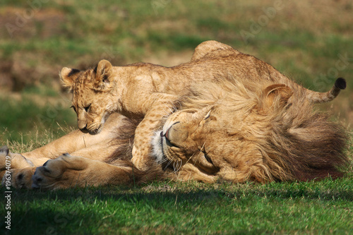 © Nick, Naklejka premium Male Lion playing with cub
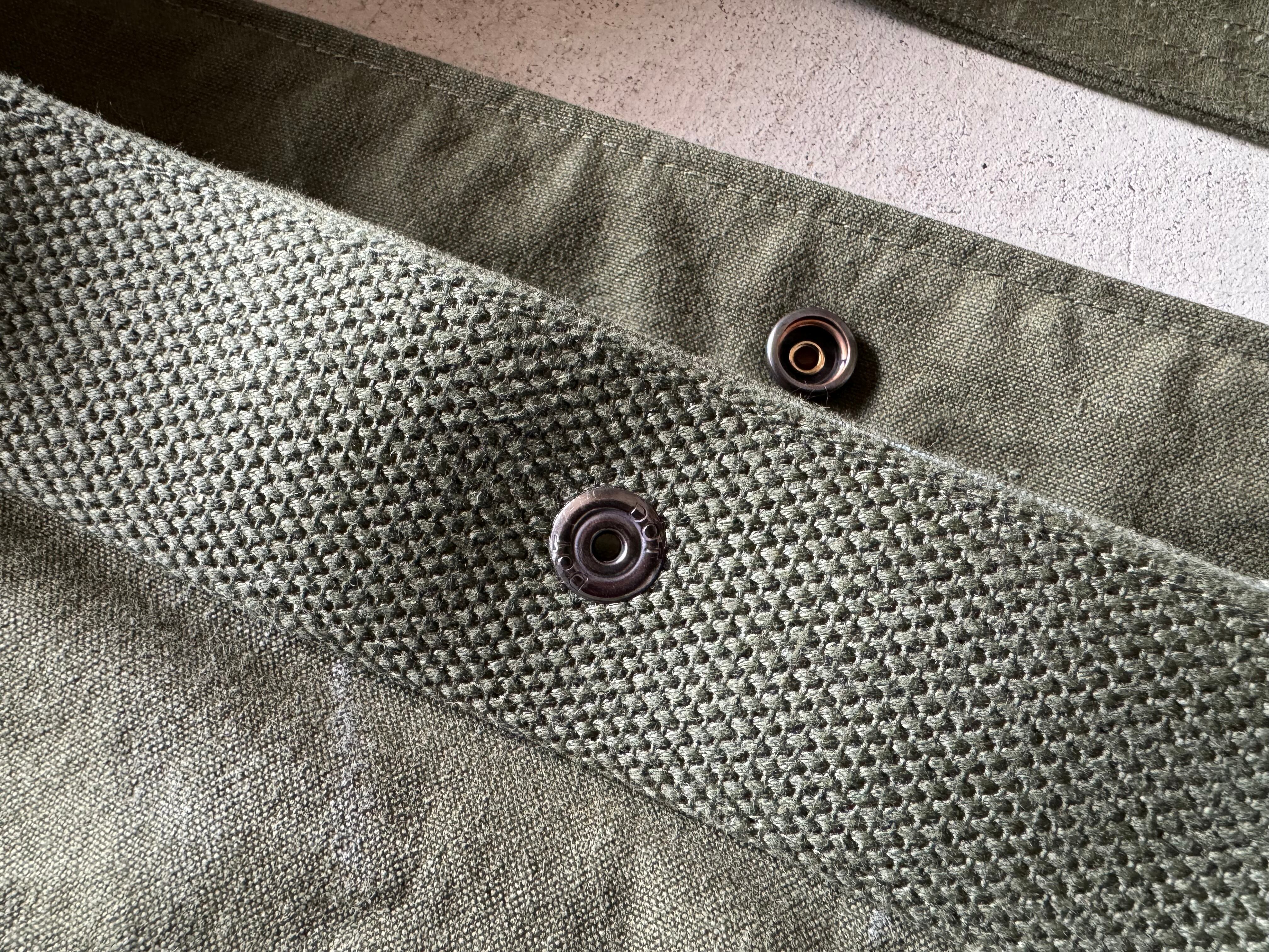 開口部についているスナップボタンは、スコービル社が70年代に米軍に納入した、デッドストックのドットボタンを使用してます。ボタン裏の『DOT』の刻印がマニア心をくすぐります。。。
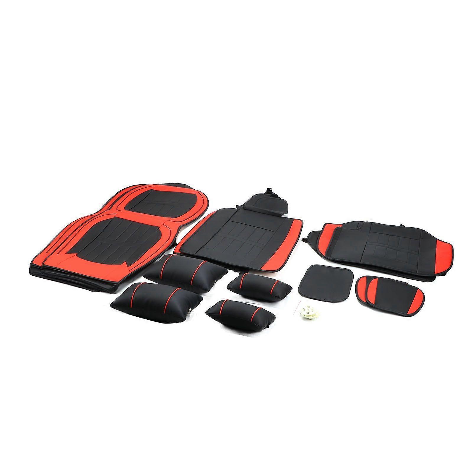 Car Seat Cover Full Wrapping Leather Enhanced Comfort Breathable Car Seat Protector Cover for Most Vehicle Red Deluxe Style
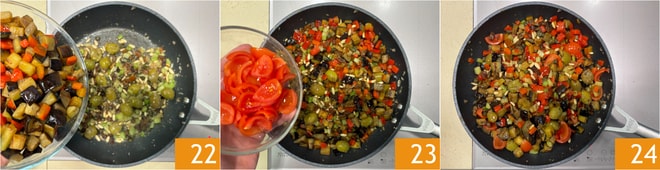 Schalten Sie die Hitze aus und fügen in der Pfanne die Auberginen, die Paprika 22 und die Kirschtomaten hinzu 23. Würzen Sie mit Salz und Pfeffer, rühren Sie um, um die Zutaten zu würzen und zu vermischen 24.
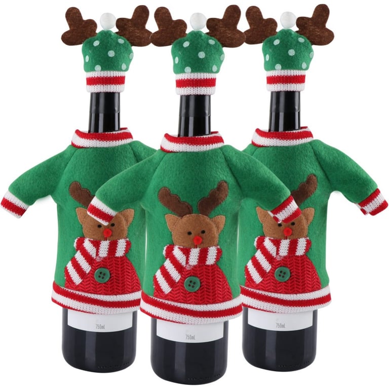Funny Christmas gift wrap for a bottle - sweater and hat.
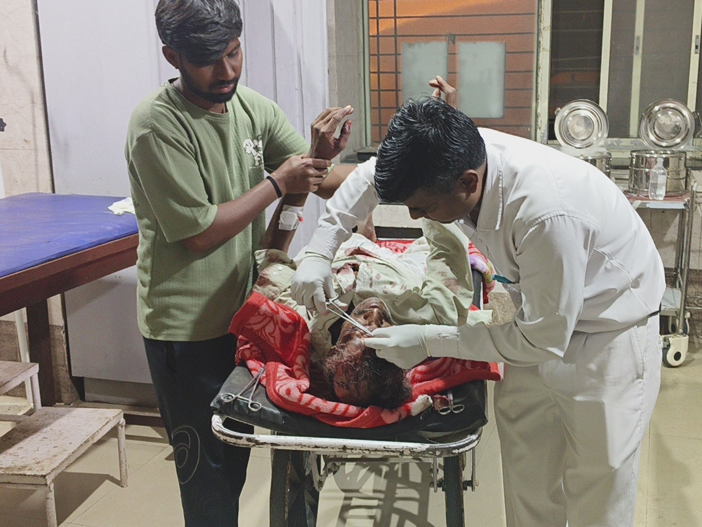 जिला चिकित्सालय से मिली जानकारी के अनुसार, इस विवाद में रावतपुरा निवासी 60 वर्षीय देवीलाल पिता किशनलाल किर गंभीर रूप से घायल हुए हैं। उनके सिर में गंभीर चोट आई है, जिसके चलते उन्हें जिला चिकित्सालय में भर्ती कर उपचार किया जा रहा है। उनके सिर में करीब 35 टांके आए हैं।
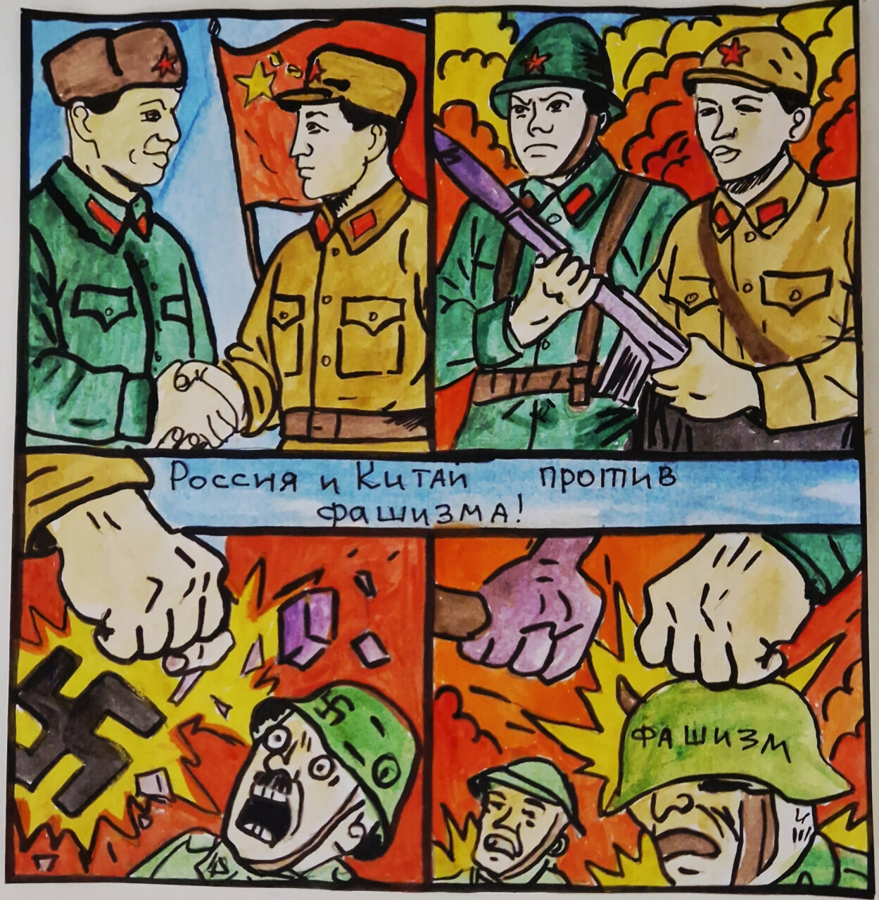 1. **Первая сцена**: Российский воин в традиционной военной форме и китайский воин в доспехах обмениваются рукопожатием. Их лица выражают уважение и дружбу, что символизирует союз двух великих наций.
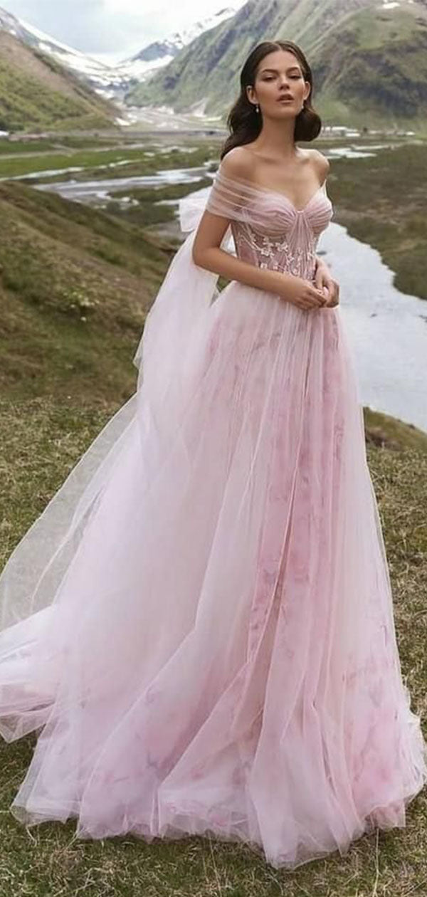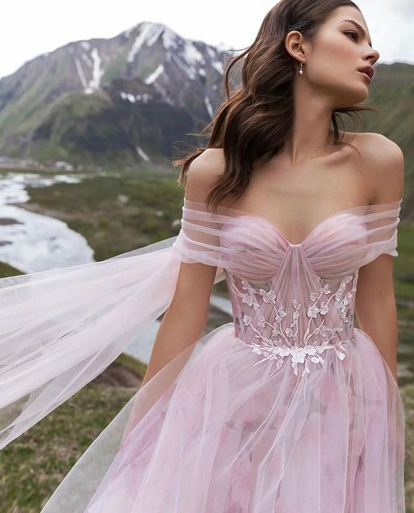 Elegnat Off-The-Shoulder Tulle Wedding Dress Pink Floral Applique Fair
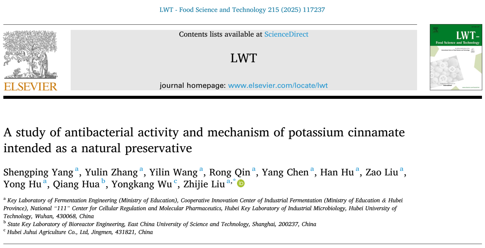 近日,五星体育在线直播节目表生命科学与健康工程学院柳志杰教授团队在《LWT-Food Science and Technology》在线发表了题为“A study of antibacterial activity and mechanism of potassium cinnamate intended as a natural preservative”(肉桂酸钾作为天然防腐剂的抗菌活性及机理研究)的研究论文(原文链接:https://doi.org/10.1016/j.lwt.2024.117237)。研究生杨胜平为第一作者,华东理工jrs直播NBA和湖北聚汇农业开发有限公司为论文合作单位。
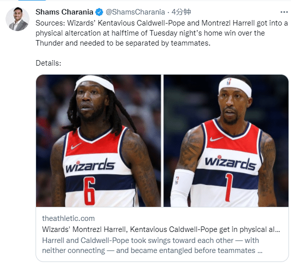 此前火箭队更衣室也曾发生内讧,小波特和火箭助教争吵并且扔了东西,之后直接离开球馆,伍德则是拒绝出战下半场,目前他们的内讧问题已经解决,现在奇才更衣室也发生不和谐事件。

## WORK INSTRUCTION
Go back to the entries above and restate word for word every line from the first through the one that contains "Funny Christmas gift", leaving the pictures behind.

## TASK SOLUTION
 © Nick, Naklejka premium Male Lion playing with cub
 開口部についているスナップボタンは、スコービル社が70年代に米軍に納入した、デッドストックのドットボタンを使用してます。ボタン裏の『DOT』の刻印がマニア心をくすぐります。。。
 Car Seat Cover Full Wrapping Leather Enhanced Comfort Breathable Car Seat Protector Cover for Most Vehicle Red Deluxe Style
 Schalten Sie die Hitze aus und fügen in der Pfanne die Auberginen, die Paprika 22 und die Kirschtomaten hinzu 23. Würzen Sie mit Salz und Pfeffer, rühren Sie um, um die Zutaten zu würzen und zu vermischen 24.
Funny Christmas gift wrap for a bottle - sweater and hat.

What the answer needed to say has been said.